Risk score, explained
The CVSS 3.1 score of 5.9 (MEDIUM) reflects availability impact as the primary risk (high impact on availability) paired with moderate attack complexity and no impact on confidentiality or integrity. The score appropriately captures that while an attacker can disrupt service, they cannot steal data or modify system behavior. However, context matters: for critical services, availability impact alone justifies urgent patching. The moderate attack complexity suggests non-trivial exploitation but does not eliminate the threat, especially as proof-of-concept code or exploitation techniques become public.
Frequently asked questions
Do we need to patch if we don't use multipart requests?
Multipart request handling is a core feature of web frameworks. If your Spring WebFlux application accepts any HTTP POST or PUT requests from untrusted sources—even if you do not explicitly process multipart data—the vulnerability could still be exploited. Audit your application endpoints carefully. Patching remains the safest option.
Can we mitigate without patching immediately?
Temporary mitigations include disabling multipart request handling on public endpoints, restricting HTTP access via network firewalls to trusted IPs only, and configuring reverse proxies (nginx, AWS ALB) to reject oversized multipart requests. These measures buy time but are not substitutes for patching. Plan patching for your next maintenance window.
Does this affect Spring MVC applications?
CVE-2026-41840 specifically targets Spring WebFlux, which is Spring's reactive, non-blocking web framework. Traditional Spring MVC applications using servlet-based request handling are not affected by this vulnerability. Verify your application architecture to determine which framework you are using.
Is this vulnerability exploited in the wild?
As of the latest update, this vulnerability is not listed in CISA's Known Exploited Vulnerabilities catalog, suggesting active exploitation has not been documented. However, absence from the KEV list does not guarantee the vulnerability is unexploited; assume threat actors are analyzing it and prioritize patching accordingly.

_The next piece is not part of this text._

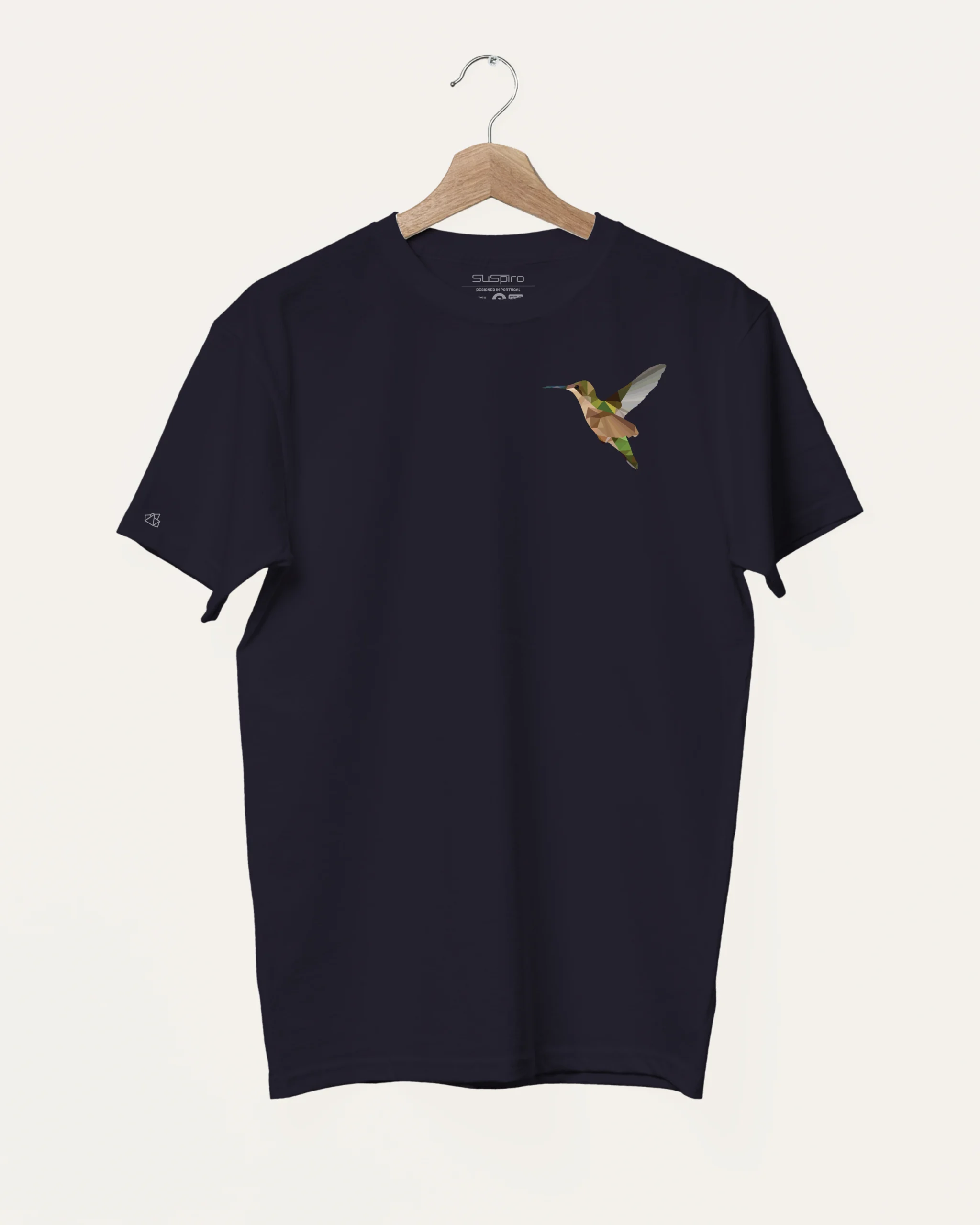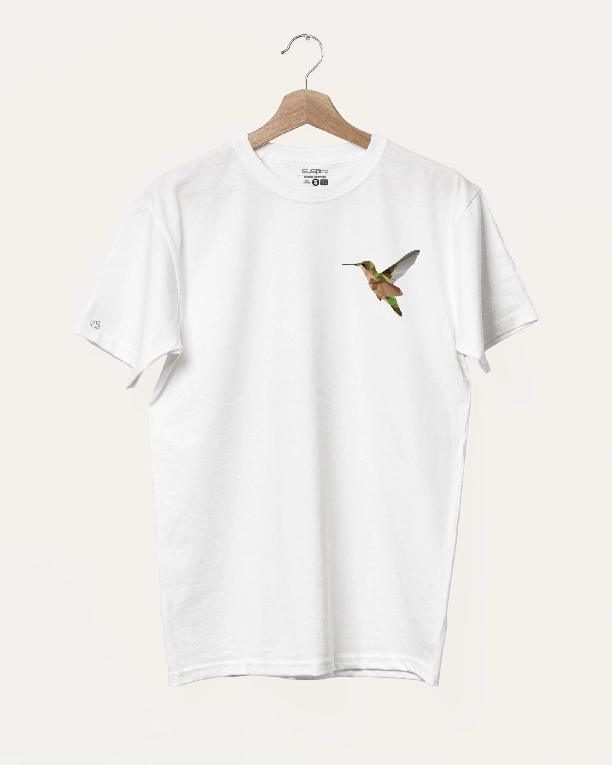 Produzida com o nosso 100% Algodão Premium, a malha de 190 g/m² é a garantia de uma t-shirt encorpada, macia ao toque e respirável, que proporciona um caimento impecável. O tecido de alta qualidade assegura que a peça é duradoura e mantém a sua forma premium ao longo do tempo. A estampagem, rica em detalhe e cor, dá vida à minúcia das penas e ao brilho cintilante do beija-flor.

This analysis is based on publicly available vulnerability data current as of June 2026. Patch version numbers and specific remediation steps should be verified against VMware's official Spring Framework security advisory before deployment. This content is for informational purposes and does not constitute professional security advice. Organizations should conduct their own risk assessment based on their specific environment, architecture, and business context. Always test patches in non-production environments before broad deployment. Source: NVD (public-domain), retrieved 2026-07-15. Analysis generated by SEC.co (claude-haiku-4-5).